In other words we need direct, public access and oversight of policies. Additionally, we need an administrative law body for individual cases---so that people can go before a legal authority and change rules, get findings and have independent decisions handed down---with appeal rights to the federal court system. Public access and independent legal review are essential because I certainly don't trust a government agency to fairly decide who or what is covered under a universal healthcare system. And that's just the patient side. The medical care provider system needs a similar and well coordinated overhaul of its own.

The provider system or service delivery system which is where I am in this equation is trapped between two economic anatagonists, the manufacturer/suppliers and the benefit/billing system of the government agencies/insurance industry.

The manufacturers, suppliers, pharmaceudical industries, etc. all raise their prices like clock work, while the claims systems systematically cut their payment schedules.
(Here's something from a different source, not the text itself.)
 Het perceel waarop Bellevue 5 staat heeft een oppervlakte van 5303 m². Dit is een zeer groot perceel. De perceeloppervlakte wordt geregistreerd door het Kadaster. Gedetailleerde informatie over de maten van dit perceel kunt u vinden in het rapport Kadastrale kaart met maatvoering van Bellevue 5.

Hospitals, rehab centers, community clinics, nursing home industry, doctors, nurses, aides, para-professionals and allied trades like mine---the whole medical service delivery system is caught between the same two antagonists. The way it works is typical of the US neoliberal economy. Deny, underrate, or otherwise medigate the underlying human need (healthcare), punish the medical service delivery workers, and reward the biggest capitalists or best lobbied whenever possible.
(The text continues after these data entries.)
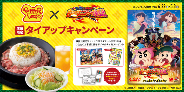 主商品(ステーキ・ハンバーグ・ペッパーライス)に映画公開記念「クレヨンしんちゃんドリンクサラダセット」をご注文の方に先着でノベルティをプレゼント!
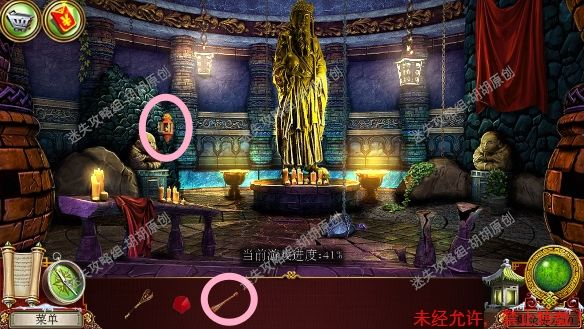 23.寺庙内部,红框火炉处开启寻物寻物游戏,按照下图完成获得战斧,右侧台阶蓝框处获得锁块,拐杖暂时拿不了,顺着左边箭头去往内室 23.1.2
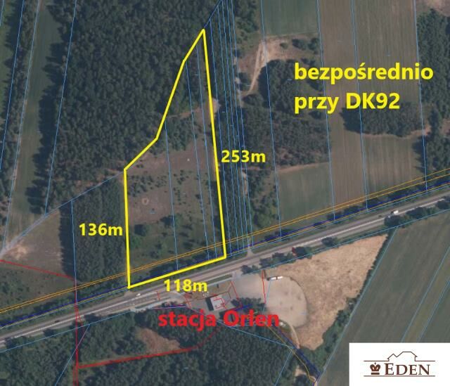 Sprzedam działkę przemysłową w miejscowości Polaki przy DK92 o powierzchni 20 264m.Działka o szerokości ok. 118m i długości ok. 136m i 253m przy drodze krajowej.

What is going now is a collapse of the service delivery system driven by these two large antagonists. Changing just the billing/claims system to a single payer system might help, but it is not really a secure long term answer. Sooner or later the medical-industrial-complex has to be overhauled through heavy regulation. So in order for a tax based, government administered single payer system to work, there has to be an equal effort made to regulate the industries that feed into this system. Otherwise the government budget will just become the giant feeding trough for the biggest capitalists---just another subsidize the rich plan.

While none of the above reforms are going to happen, the fact is we need to figure out what should be the scope and goal of such reforms. We need to know in advance what various plans mean and don't mean, we need arguments to shutdown the farce of current political debate, and we need to know what we want, what it means and how to build it.